··· PROVIDED ENTRIES ···

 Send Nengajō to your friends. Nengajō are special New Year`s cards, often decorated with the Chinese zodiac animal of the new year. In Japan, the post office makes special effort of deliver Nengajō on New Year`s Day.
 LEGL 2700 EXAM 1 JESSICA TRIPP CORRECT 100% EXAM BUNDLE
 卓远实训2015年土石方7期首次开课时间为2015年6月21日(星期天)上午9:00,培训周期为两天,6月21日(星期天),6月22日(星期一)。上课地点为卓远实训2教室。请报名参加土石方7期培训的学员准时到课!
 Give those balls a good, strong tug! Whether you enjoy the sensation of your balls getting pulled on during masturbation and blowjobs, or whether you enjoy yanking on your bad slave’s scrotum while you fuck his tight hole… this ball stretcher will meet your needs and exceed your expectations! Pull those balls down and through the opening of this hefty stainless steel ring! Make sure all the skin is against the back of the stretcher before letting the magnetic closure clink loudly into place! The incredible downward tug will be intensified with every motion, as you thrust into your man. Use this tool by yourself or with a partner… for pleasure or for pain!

···
··· PROVIDED ENTRIES ···

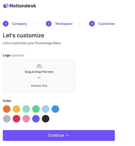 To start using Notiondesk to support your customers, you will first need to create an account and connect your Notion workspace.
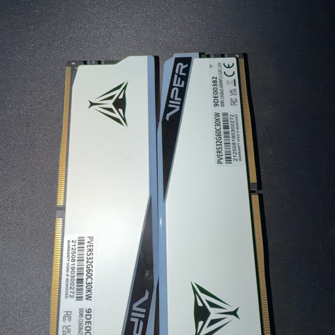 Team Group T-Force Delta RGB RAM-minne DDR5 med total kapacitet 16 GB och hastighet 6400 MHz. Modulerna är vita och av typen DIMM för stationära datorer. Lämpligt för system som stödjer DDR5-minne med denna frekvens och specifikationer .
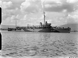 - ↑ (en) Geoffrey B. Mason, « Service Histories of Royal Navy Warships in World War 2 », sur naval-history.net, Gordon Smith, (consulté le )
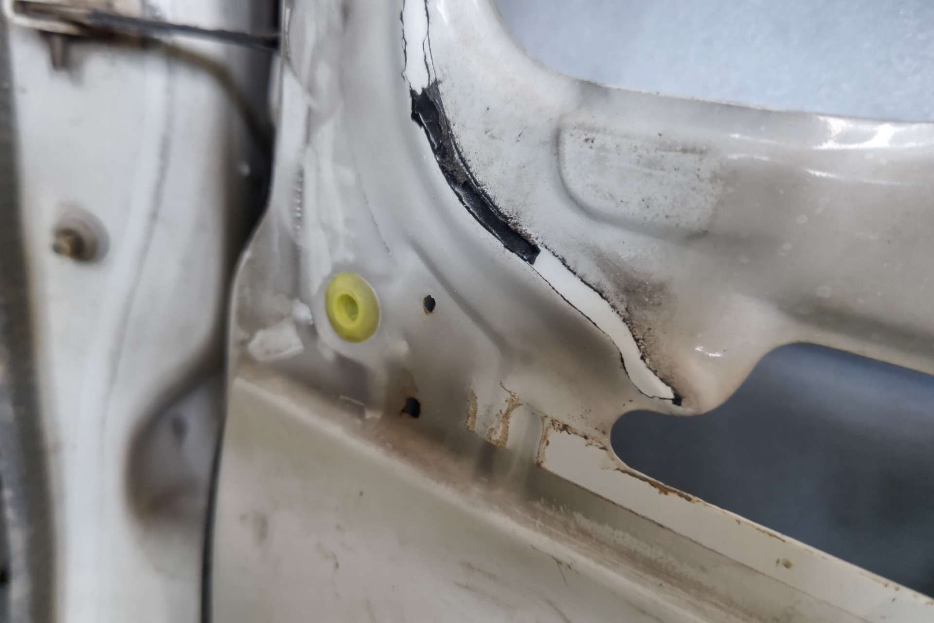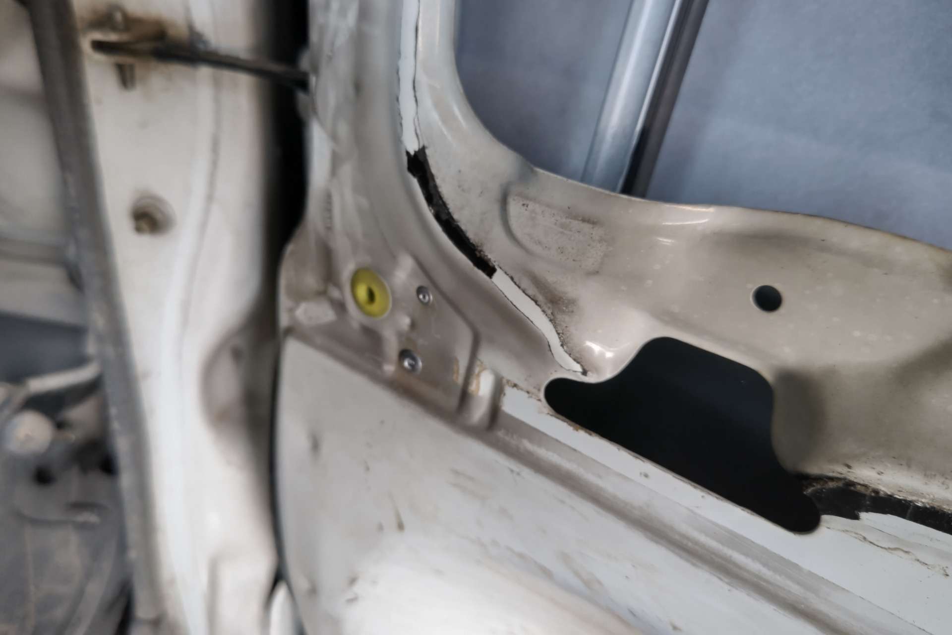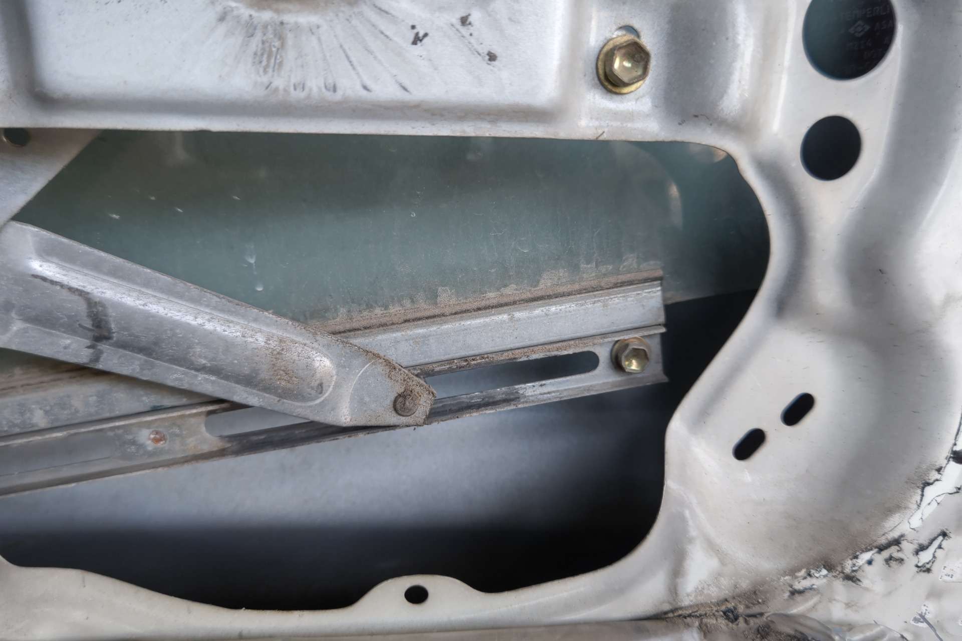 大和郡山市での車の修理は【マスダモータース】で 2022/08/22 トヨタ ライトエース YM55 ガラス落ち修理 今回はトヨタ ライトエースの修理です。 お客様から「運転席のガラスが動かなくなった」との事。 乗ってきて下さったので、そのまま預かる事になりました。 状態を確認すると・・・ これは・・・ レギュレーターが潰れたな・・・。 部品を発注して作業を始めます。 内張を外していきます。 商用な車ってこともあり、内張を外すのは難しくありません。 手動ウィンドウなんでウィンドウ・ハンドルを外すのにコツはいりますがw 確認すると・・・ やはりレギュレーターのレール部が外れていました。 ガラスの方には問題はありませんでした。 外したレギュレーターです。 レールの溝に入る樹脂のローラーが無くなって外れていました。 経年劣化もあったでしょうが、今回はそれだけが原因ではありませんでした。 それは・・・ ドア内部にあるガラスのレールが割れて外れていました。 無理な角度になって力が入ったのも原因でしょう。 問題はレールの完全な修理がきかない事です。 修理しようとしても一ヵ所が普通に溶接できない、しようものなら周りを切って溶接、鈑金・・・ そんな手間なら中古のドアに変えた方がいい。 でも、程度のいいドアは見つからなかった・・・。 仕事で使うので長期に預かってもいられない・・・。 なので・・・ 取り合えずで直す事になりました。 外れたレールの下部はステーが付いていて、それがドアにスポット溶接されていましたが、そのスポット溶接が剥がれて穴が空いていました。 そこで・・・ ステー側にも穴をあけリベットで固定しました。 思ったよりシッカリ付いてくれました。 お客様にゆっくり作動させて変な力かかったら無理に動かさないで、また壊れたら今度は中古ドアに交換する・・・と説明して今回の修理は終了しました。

···

» **WORK INSTRUCTION**: Check every line of the data for the string "with". Give the number of lines that have it, and only that.

» **ANSWER TO THIS EXERCISE**: 2